Submitted by the Washington National Guard

On Friday, October 13th, the soldiers of Alpha Troop gathered together in the tiny National Guard armory in Puyallup, Wash. to witness the first ever cavalry-qualified female take command of a troop in the Army.

Capt. Samantha Domingue took command of A Troop, 1st Squadron, 303rd Cavalry Regiment (1-303rd CAV), 41st Infantry Brigade Combat Team (IBCT).

“The squadron is already leading with a female platoon leader in Bravo Troop,” said Lt. Col. Chris Blanco, commander, 1-303rd CAV. “We have strong females in almost every formation. This was the next logical step to progress, not only for the squadron and where it’s at but the Guard in general.”

Domingue said that she is honored to have been considered for the position and that she doesn’t take the task lightly.

“I am new to the Armor community, so to be considered for a troop command is a privilege.” Domingue said.

Domingue’s assumption of command marks a new milestone for the Army and National Guard as the military continues to integrate women into combat roles previously only held by their male counterparts.

Domingue comes to “Assassin” Troop in the midst of a major transformation and reorganization within the Washington National Guard. The reorganization of the 81st Stryker Brigade Combat Team removed the 1-303rd, placing the command and control of the historic unit between 96th Troop Command, Washington National Guard and the 41st IBCT, headquartered in Oregon.

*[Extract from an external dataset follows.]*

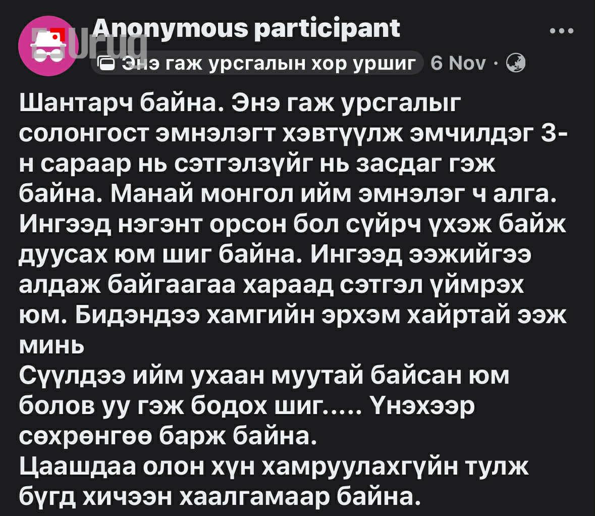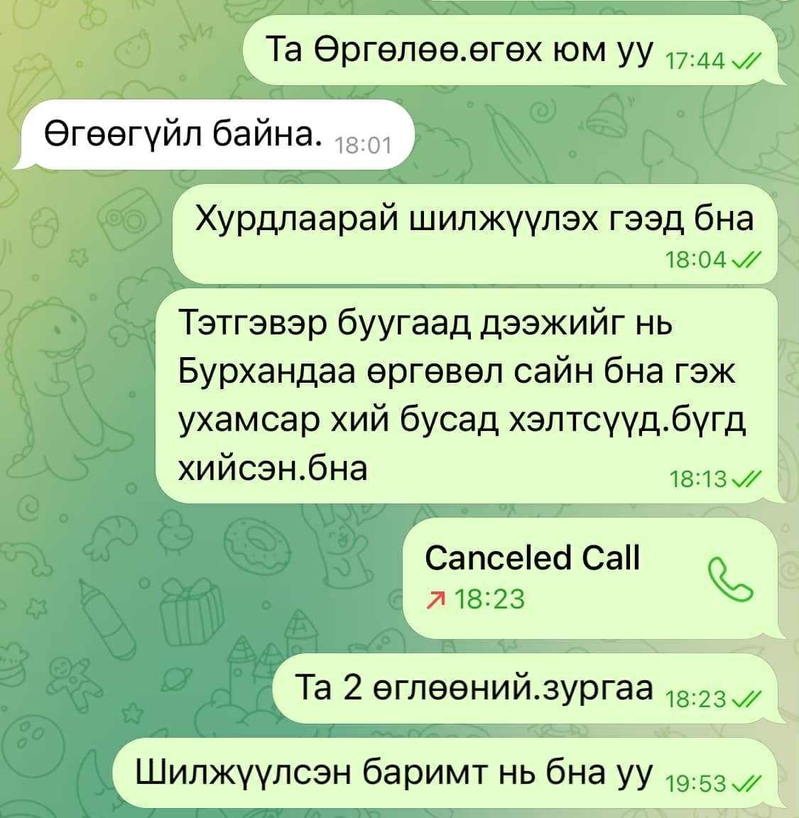 Охин маань эмнэлэгт хэвтээд би гадаадад ээжээс өөр харж эмнэлэгт хэвтэх хүн байхгүй байхад “чөлөө өгөхгүй” гээд бөөн юм болсон.

“It’s going to be a long and challenging year ahead,” Domingue said after her ceremony. “But we’ve got the right soldiers, so I have the faith that we can overcome any challenge.”

The squadron is currently preparing for an eXportable Combat Training Capability (XCTC) rotation at Fort Hunter Ligett and Camp Roberts in California. XCTC is a brigade field training exercise designed to certify platoon proficiency in coordination with First Army.

Despite the high operational tempo for A Troop, Blanco says that he has no doubt that she is the right person to lead the unit through this demanding exercise and the ensuing years.

“You look across the formation and you try to recognize talent,” Blanco said. “She is the right fit for the right time.”

Domingue hopes that her assumption of command inspires other officers to pursue leadership opportunities outside of their respective career paths.

“Cross pollination of talent and knowledge is necessary for the betterment of the organization. If there are officers or soldiers on the fence about [changing career paths], I hope my command motivates them to pursue those positions.”

Command Sgt. Maj. Brian Rikstad, squadron command sergeant major, added that the squadron has always led from the front.

“Capt. Domingue is both physically and mentally tough and will provide Alpha Troop a diversity of talent, temperament and expertise.”

Domingue is a graduate of the Army Reconnaissance Course, Cavalry Leader’s Course and Maneuver Captains Career Course.